What you need to do >>
Beginning with the line that holds "特朗普16日出席G7峯會,與英首相斯塔默會談 白宮視頻截圖", set down each line of the data below through the very last, exactly as given, and nothing beyond that.

Excerpts from a dataset:
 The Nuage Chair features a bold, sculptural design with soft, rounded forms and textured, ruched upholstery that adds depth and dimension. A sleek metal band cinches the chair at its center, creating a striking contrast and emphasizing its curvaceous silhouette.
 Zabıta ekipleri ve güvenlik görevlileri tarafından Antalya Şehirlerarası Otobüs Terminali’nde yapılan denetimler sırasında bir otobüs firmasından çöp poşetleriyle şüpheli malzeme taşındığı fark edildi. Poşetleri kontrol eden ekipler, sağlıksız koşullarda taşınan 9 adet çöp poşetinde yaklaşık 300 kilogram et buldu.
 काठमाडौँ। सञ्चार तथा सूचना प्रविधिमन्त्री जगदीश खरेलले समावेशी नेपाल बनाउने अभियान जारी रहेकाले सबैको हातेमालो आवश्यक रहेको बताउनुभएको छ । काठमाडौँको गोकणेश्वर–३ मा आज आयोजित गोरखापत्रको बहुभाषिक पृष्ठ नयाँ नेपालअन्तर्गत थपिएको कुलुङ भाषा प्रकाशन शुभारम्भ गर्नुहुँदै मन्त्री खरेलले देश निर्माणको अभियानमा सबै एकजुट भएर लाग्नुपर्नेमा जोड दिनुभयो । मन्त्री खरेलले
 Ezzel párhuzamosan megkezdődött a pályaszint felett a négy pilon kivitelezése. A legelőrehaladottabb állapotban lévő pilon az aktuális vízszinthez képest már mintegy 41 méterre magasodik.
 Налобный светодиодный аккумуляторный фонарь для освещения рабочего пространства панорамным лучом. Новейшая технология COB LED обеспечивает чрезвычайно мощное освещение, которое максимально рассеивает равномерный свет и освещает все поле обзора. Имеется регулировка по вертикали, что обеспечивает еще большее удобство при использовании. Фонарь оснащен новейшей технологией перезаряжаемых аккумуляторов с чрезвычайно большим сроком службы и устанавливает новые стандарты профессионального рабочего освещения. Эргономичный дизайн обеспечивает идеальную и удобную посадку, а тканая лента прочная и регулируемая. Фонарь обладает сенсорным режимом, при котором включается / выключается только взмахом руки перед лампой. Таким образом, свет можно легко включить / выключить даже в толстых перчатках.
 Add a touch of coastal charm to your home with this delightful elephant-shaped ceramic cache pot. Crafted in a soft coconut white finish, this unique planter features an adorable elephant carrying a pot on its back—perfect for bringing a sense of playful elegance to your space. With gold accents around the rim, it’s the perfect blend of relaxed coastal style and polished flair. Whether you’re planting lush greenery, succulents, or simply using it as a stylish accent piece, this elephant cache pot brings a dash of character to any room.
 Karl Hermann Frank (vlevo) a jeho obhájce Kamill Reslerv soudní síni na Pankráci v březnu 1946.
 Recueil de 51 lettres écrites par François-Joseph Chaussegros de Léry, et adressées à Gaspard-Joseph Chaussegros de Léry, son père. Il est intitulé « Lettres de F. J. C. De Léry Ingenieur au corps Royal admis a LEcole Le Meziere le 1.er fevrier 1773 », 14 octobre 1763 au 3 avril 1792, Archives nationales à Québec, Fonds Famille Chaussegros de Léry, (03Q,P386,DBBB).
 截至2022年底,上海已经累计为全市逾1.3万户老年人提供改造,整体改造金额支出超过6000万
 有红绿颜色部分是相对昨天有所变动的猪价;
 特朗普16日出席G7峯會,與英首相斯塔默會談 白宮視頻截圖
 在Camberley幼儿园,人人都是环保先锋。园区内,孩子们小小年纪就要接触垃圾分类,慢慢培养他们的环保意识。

Response box >>
 特朗普16日出席G7峯會,與英首相斯塔默會談 白宮視頻截圖
 在Camberley幼儿园,人人都是环保先锋。园区内,孩子们小小年纪就要接触垃圾分类,慢慢培养他们的环保意识。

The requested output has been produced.